- Associated Press - Thursday, March 19, 2015

AUSTIN, Texas (AP) - A man who escaped death because he didn’t fit in vehicles used to abduct his fellow students in Mexico met with lawmakers in Austin Thursday to raise awareness about the case.

Omar Garcia Velasquez told state senators Thursday he was among 50 students stopped by police in the southern, violence-torn state of Guerrero last September.

Because only 43 students of the rural teaching college could fit in the seven Iguala city police vehicles, Velasquez said he was able to escape.

Prosecutors allege that the students were then turned over to a drug gang, which executed them, incinerated their remains and threw their ashes into the San Juan Cocula River.

More than 100 people have been detained in connection with the killings, including the mayor of Iguala and his wife.

But parents of the students and thousands of other Mexicans have rejected the government’s version of the abduction.

Protesters have held riots throughout Mexico, outraged by the drug war that has left more than 100,000 people dead or missing since 2006.

Velasquez now hopes to incite similar responses from Americans.

He is riding in one of three caravans of survivors and family members who left Mexico this week bound for New York, where they hope to meet with the United Nations. Along the way, the caravans are stopping in more than a dozen U.S. cities.

As Velasquez, 24, sat in the gallery Thursday, senators unanimously adopted a resolution by Sen. Sylvia Garcia, D-Houston, expressing sympathy for the students’ relatives.

“Every life matters,” said San Antonio Democratic Sen.

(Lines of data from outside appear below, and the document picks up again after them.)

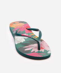 • Cabedal com tiras de dedo e o logo da marca em relevo, um clássico da Havaianas.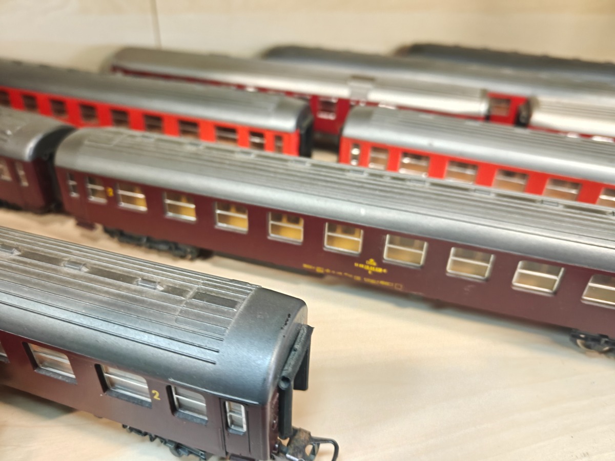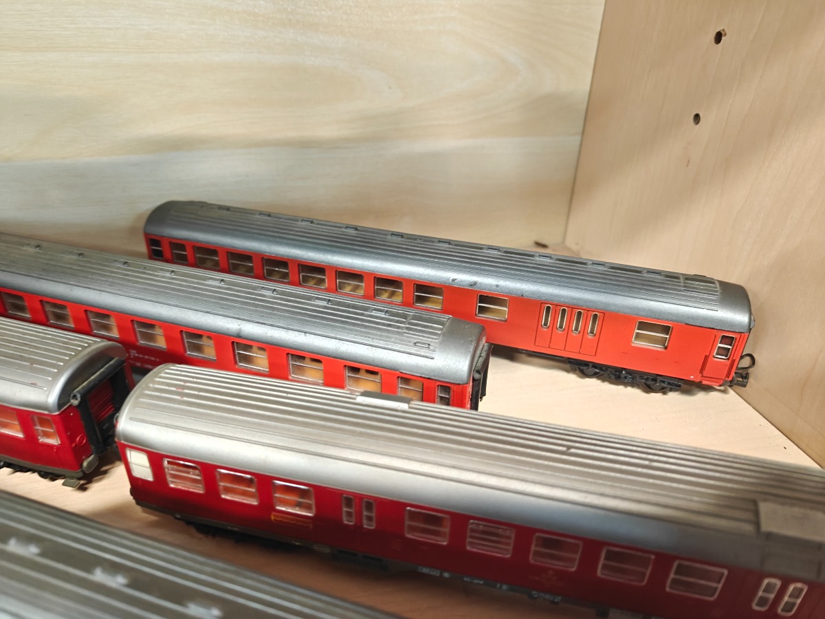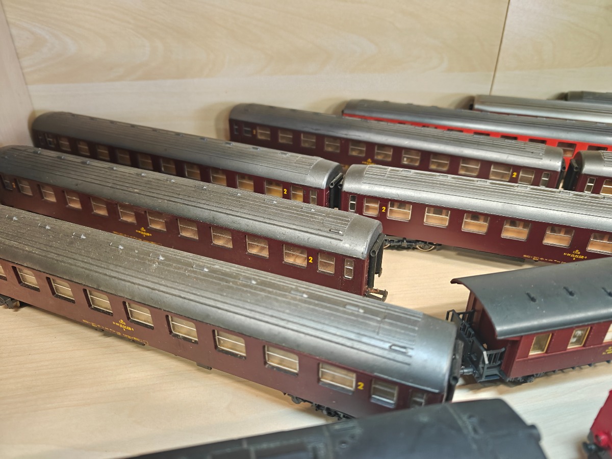Lima MZ lokomotiver samt personvogne. 2 MZ lokomotiver samt personvogne fra 3 perioder. Delene med alm. brugsspor.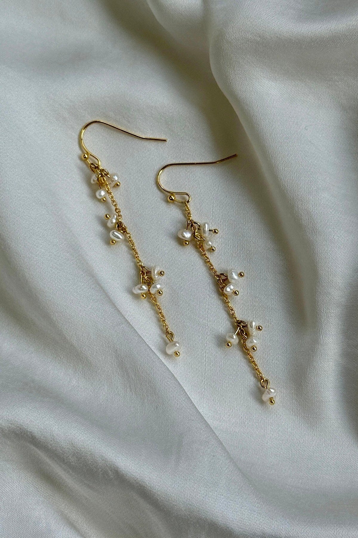 Ketjukorvakorut Mellow Moonilta, joissa on pieniä makeanvedenhelmiä hienossa kultaisessa ketjussa. Pitkät korvakorut on valmistettu kullatusta messingistä, jossa on aitoja helmiä jakautuneina ketjun varrella.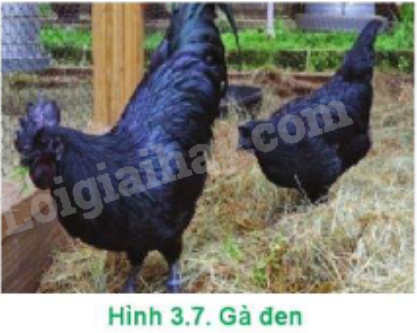 Quan sát Hình 3.7, ta thấy: Đặc điểm sinh học dùng để phân biệt vật nuôi trong Hình 3.7 là đặc điểm hình thái, ngoại hình: màu sắc của lông, của da, chân nhiều lông, …
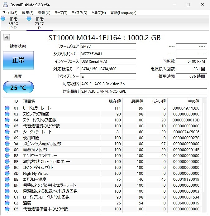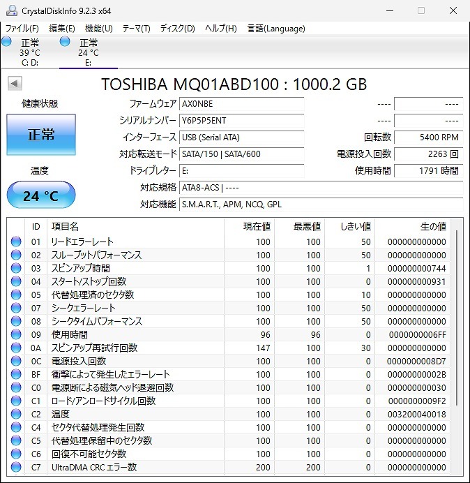CrystalDiskInfoの状態はすべて正常でした。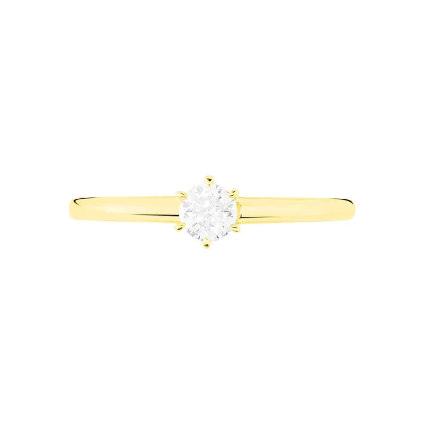 Solitaire Or Jaune 750/1000 Diamant 0.2cts Serti 6 Griffes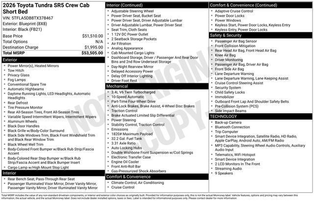 Elevate your driving experience with the impressive capabilities and refined amenities of the 2026 Toyota Tundra SR5. From its powerful engine and advanced technology to its spacious interior and striking good looks, this truck is ready to take on any adventure. Schedule a test drive today and discover the difference for yourself.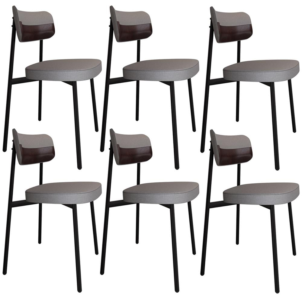 Kit 06 Cadeiras Estofada Para Sala de Jantar Astrid Preto C01 Linho Cinza Courino Café - Lyam Decor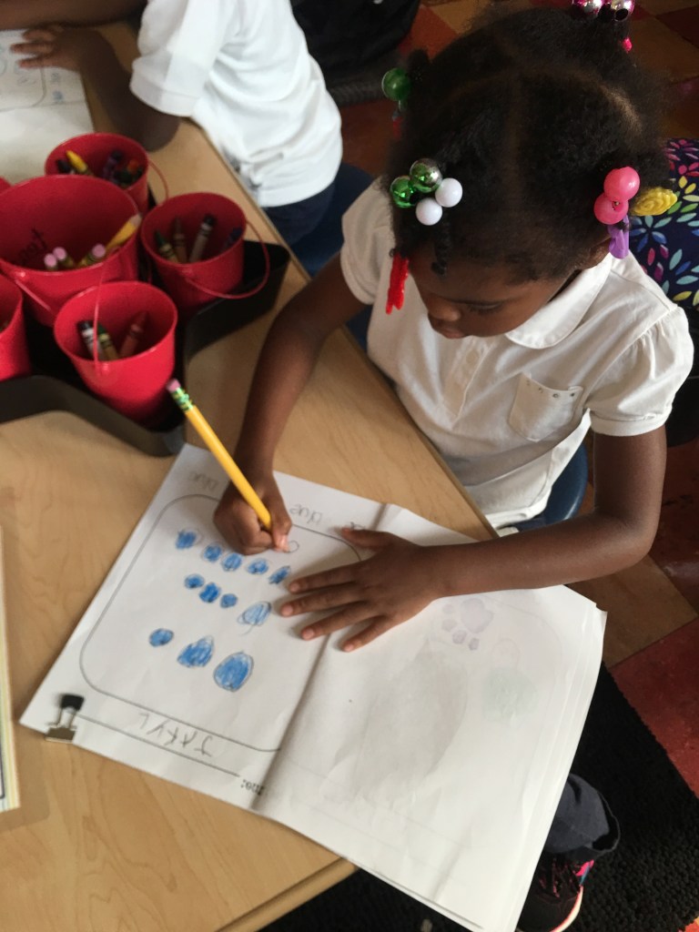 I provide each student with a My Color Writing Notebook which you can download for free here. Here’s Jakyla using her Color Writing Notebook:

José Menéndez. “The day that we take tragedies like this for granted is a sad day for human society.”

Senator Garcia said she was impressed that, amid a five-hour debate on a campus carry bill Wednesday, all 31 senators signed the resolution.

Lt. Gov. Dan Patrick, a Republican who presides over the senate, said he was always proud of the members of his chamber, but “especially proud today.”

After the resolution was adopted, Velasquez and others in his caravan spoke with Garcia, Menéndez and several other Democrats outside of Senate chambers.

While posing for photographs, Velasquez held up his arm, which was adorned with a beaded black bracelet with the number “43” in white.

“This is really good, because it gives us an opportunity for our story to be heard, and that’s what we need the most,” Velasquez said in Spanish. Menéndez interpreted his comments to The Associated Press.